Today's young adults also value the amenities at Mom's and Dad's. While boomers placed a high value on independence and were willing to live like paupers, "Young adults today are more willing to sacrifice independence in exchange for material comforts," said Katherine Newman, dean of arts and sciences at Johns Hopkins University and author of the forthcoming book "The Accordion Family."
Doherty agreed. "This is a more entitled generation. They come home to live because there's nowhere else they could live better."
But boomerang living can create friction even in close-knit families, experts say. Young adults, used to living on their own, may chafe at parental demands. And parents who expected to finally be free can resent the continued toll of providing for adult children. "They harken back to their own leave-taking and wonder why their children's is not as crisp and clean," Sachs said.
For the Evans family, having Charlie back home has been enjoyable, according to his mother, Kristen. "We're getting along, and it's nice to have the extra help," she said. "It's fun to get to know your kids as adults." But still she hopes it's not a long-term situation. "It gets old. He is a grown-up. He's used to having his own space and not having to answer to anyone. This is not what anybody would choose. We would just like that golden space job to come dropping out of the sky."
The long view
Living with the folks into adulthood may seem like a new phenomenon. In fact, it's a very old one. "In the 19th century, it was common for kids to stay with their parents," Coontz said. But while earlier generations pooled their money and kept the same schedule, today's boomerang kids tend to live on their own terms.
"They're not tethered to the family. That's really new and different," Doherty said. "The big shift is this extended period where young adults have no major responsibility other than to themselves. There's a debate in the academic world whether this is a problem or not."
It's not, according to a new U of M study to be published in the Journal of Marriage and Family. "Monetary and housing assistance through the 20s is normal and healthy," the study concluded. Parents who help support young adult children are not delaying or stifling their development, but providing a "scaffolding" to help them work toward self-sufficiency, said study author Teresa Swartz.
Those lucky enough to have parents able to support their career incubation will have a long-term economic advantage over those forced to fend for themselves, experts say.
"It leads to inequality," Newman said. "The well-heeled can do this; the poor can't." Middle-class families, meanwhile, will be increasingly stretched. "The cost of piling up credentials is so high," she said. "Families are pouring more and more money into preparing young people at the cost of retirement for older generations."

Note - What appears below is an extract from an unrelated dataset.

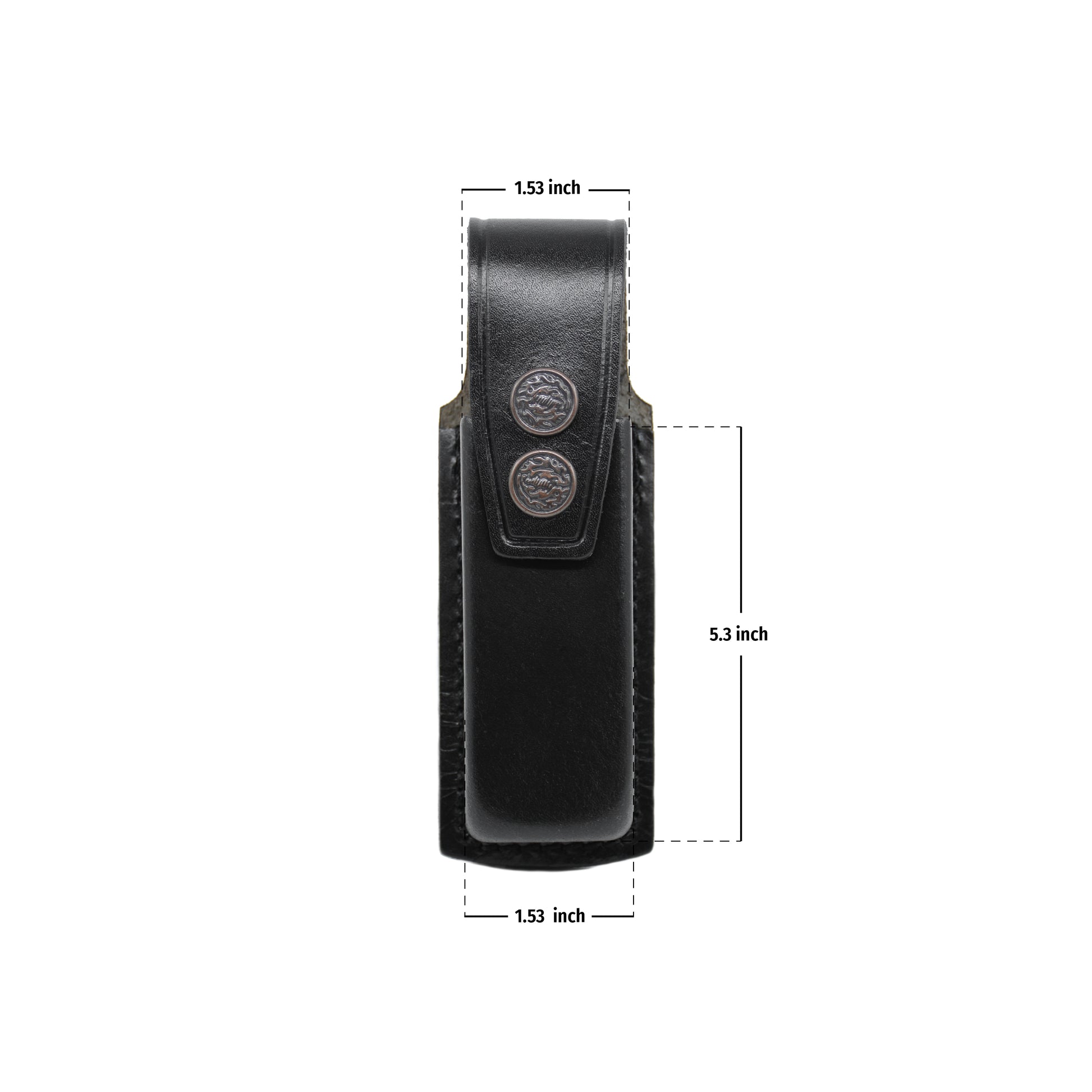 - Flap with snap keeps magazine securely in place. There is a button on the flap side to adjust for a longer mag.

Many students will need to continue their education and skill-building after graduation, said Paul Timmins, career services director for the U's College of Liberal Arts. "That's something college graduates didn't have to think about years ago."

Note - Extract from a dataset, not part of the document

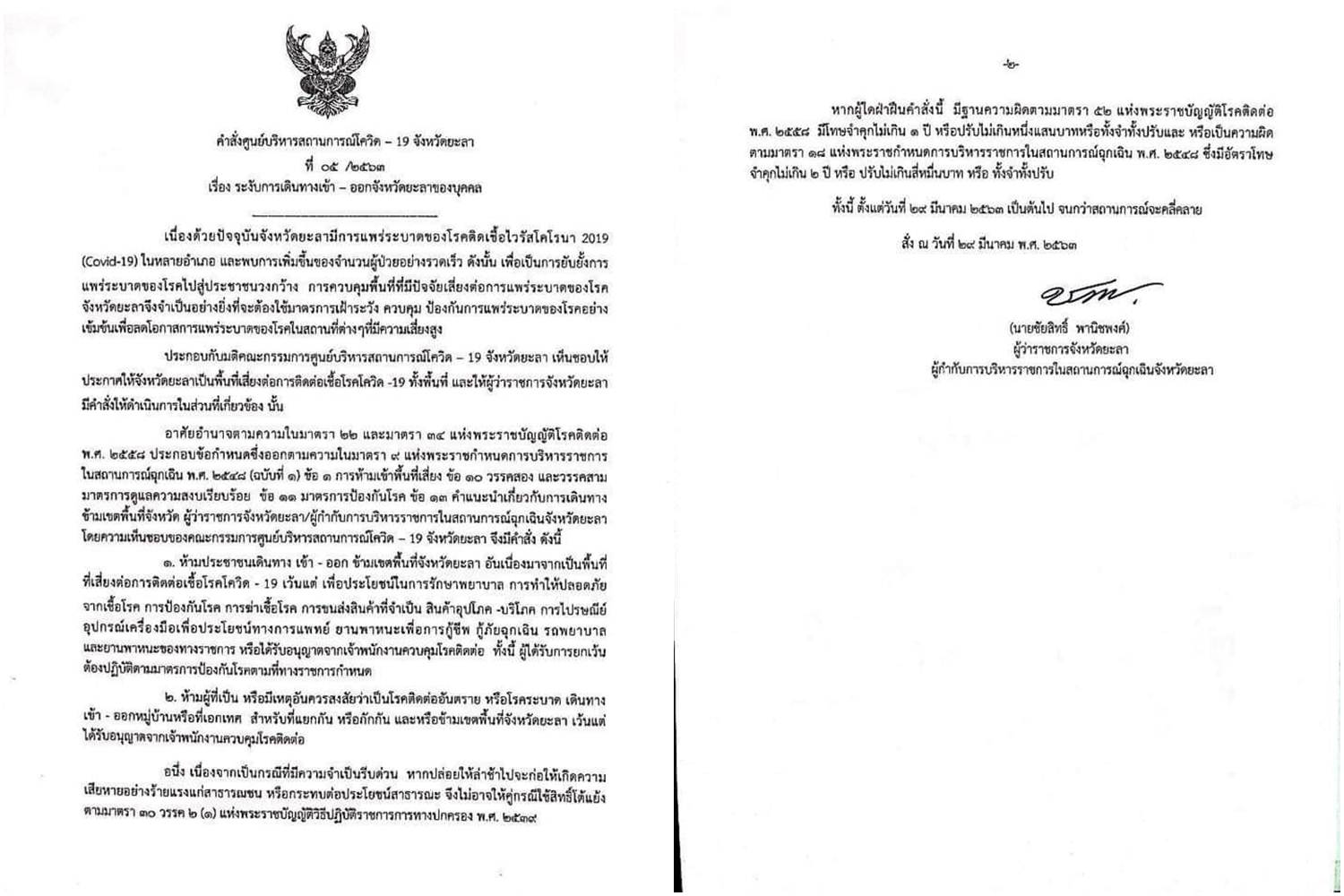 เมื่อวันที่ 29 มี.ค. 63 ศูนย์บริหารสถานการณ์โควิด-19 จังหวัดยะลา โดยนายชัยสิทธิ์ พานิชพงศ์ ผู้ว่าราชการจังหวัดยะลา ในฐานะ ผู้กำกับการบริหารราชการในสถานการณ์ฉุกเฉินจังหวัดยะลา ได้ออกคำสั่งที่ 05/2563 เรื่อง ระงับการเดินทางเข้า-ออกจังหวัดยะลาของบุคคล โดยมีสาระสำคัญดังนี้

Preston Dean is thinking about it. Since graduating from St. Olaf College almost two years ago, with a double major in biology and environmental studies, he's been unable to find full-time work in his field, so he's been living with his parents in Eagan. He volunteered for 10 months with the Conservation Corps and now has a part-time seasonal job that pays $8 an hour. He already owes thousands in student loans, but he's considering going back to school so he can qualify for internships. "Experience is the only thing that's going to get me a job."
His father, Mike, is resigned. "He may have to retrain," he said. "When I was young, I moved furniture. I could always depend on my body to make money. Now even that's gone away. I don't know how these kids are going to get independent."